Building your future chronicler
There is a final added benefit of all these systems. We have created, institutionally, automatically, a vast amount of data about human decisions making and the history of your project in reliable forms, preserved forever in git and its related tools. This data is intended for human consumption, and a skilled software engineer who knows their way around git log
, git diff
and grep
can do amazing things with so much info at hand. But there is another reason to do all this that is very far looking. With all this data at hand, AI systems will be able to better answer "why" questions about your code and its history.

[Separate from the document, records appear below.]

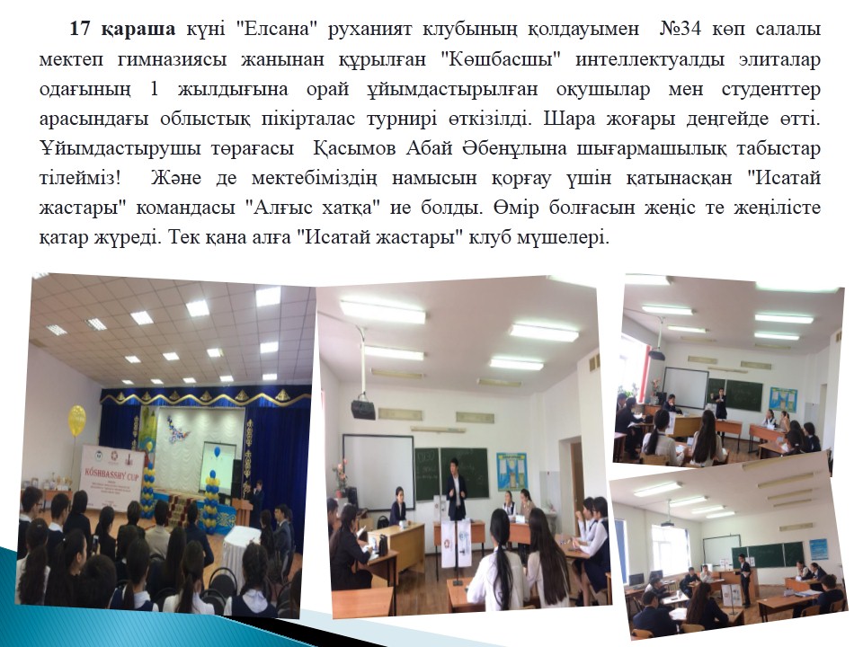 8 сыныптар арасында "Білімді ұрпақ - ел болашағы" атты интеллектуалды сайыс ұйымдастырылды. https://m.facebook.com/story.php?story_fbid=1202879910203443&id=100014443350259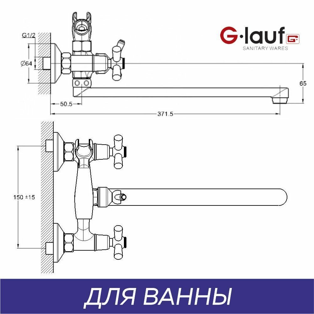Смеситель для ванны и умывальника 1/2 кер Glauf QFR7-A827
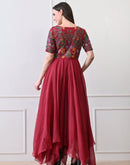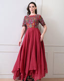 Crafted from a luminous shimmer fabric and lined with soft cotton, this Anarkali radiates heritage charm with a touch of modern sophistication. The bodice is adorned with intricate floral motifs, meticulously hand-embroidered in fine silk threads and enriched with opulent zardozi work. The fluid drape and subtle sheen of the fabric lend a graceful, timeless allure.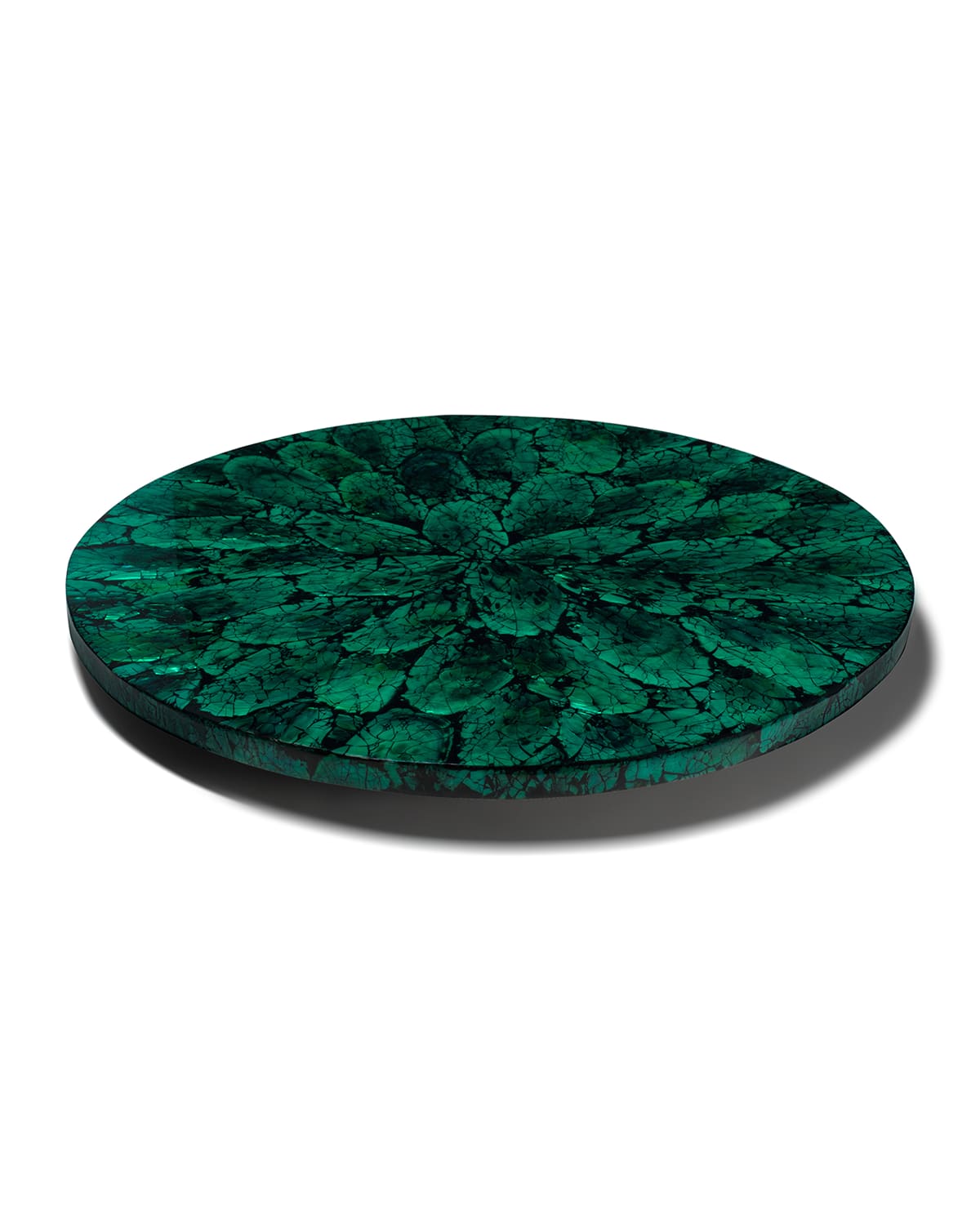 Handcrafted Lazy Susan made of wood and mother of pearl shells from Colombia. The malachite green color is the result of a proprietary dye process, and is accentuated by a highgloss lacquer finish. 15.7"Dia. x 1.5"T. Imported.

As of this writing, modern LLM's do a decent job of reading code and telling you what it does, although its utility diminishes with the complexity of the code and how niche the technologies are. However, given the advances seen in recent years in the machine learning space generally (and especially beyond LLMs) we can likely bet the improvement in coming years will also be remarkable. Somewhere between "Man what a time saver" and the writings of Ray Kurzweil. Once you feed enough review comments that are well structured, ADRs, "why" comments in code, and well written git commit message histories into such a system you now have the recipe for AI assistants to your engineers that can answer domain specific questions previously reserved to wrangling mythical long beard code slingers who no longer work at your company. The goose farmer can retire in peace.
It is the opinion of the author that the ability to write well and clearly about complex systems will not be reduced in importance due to AI, on the contrary it will be greatly increased. AI systems are built off of records and models of human reasoning, and to create new and better AI systems (especially those customized to a specific application) we will need new and better records of human thinking.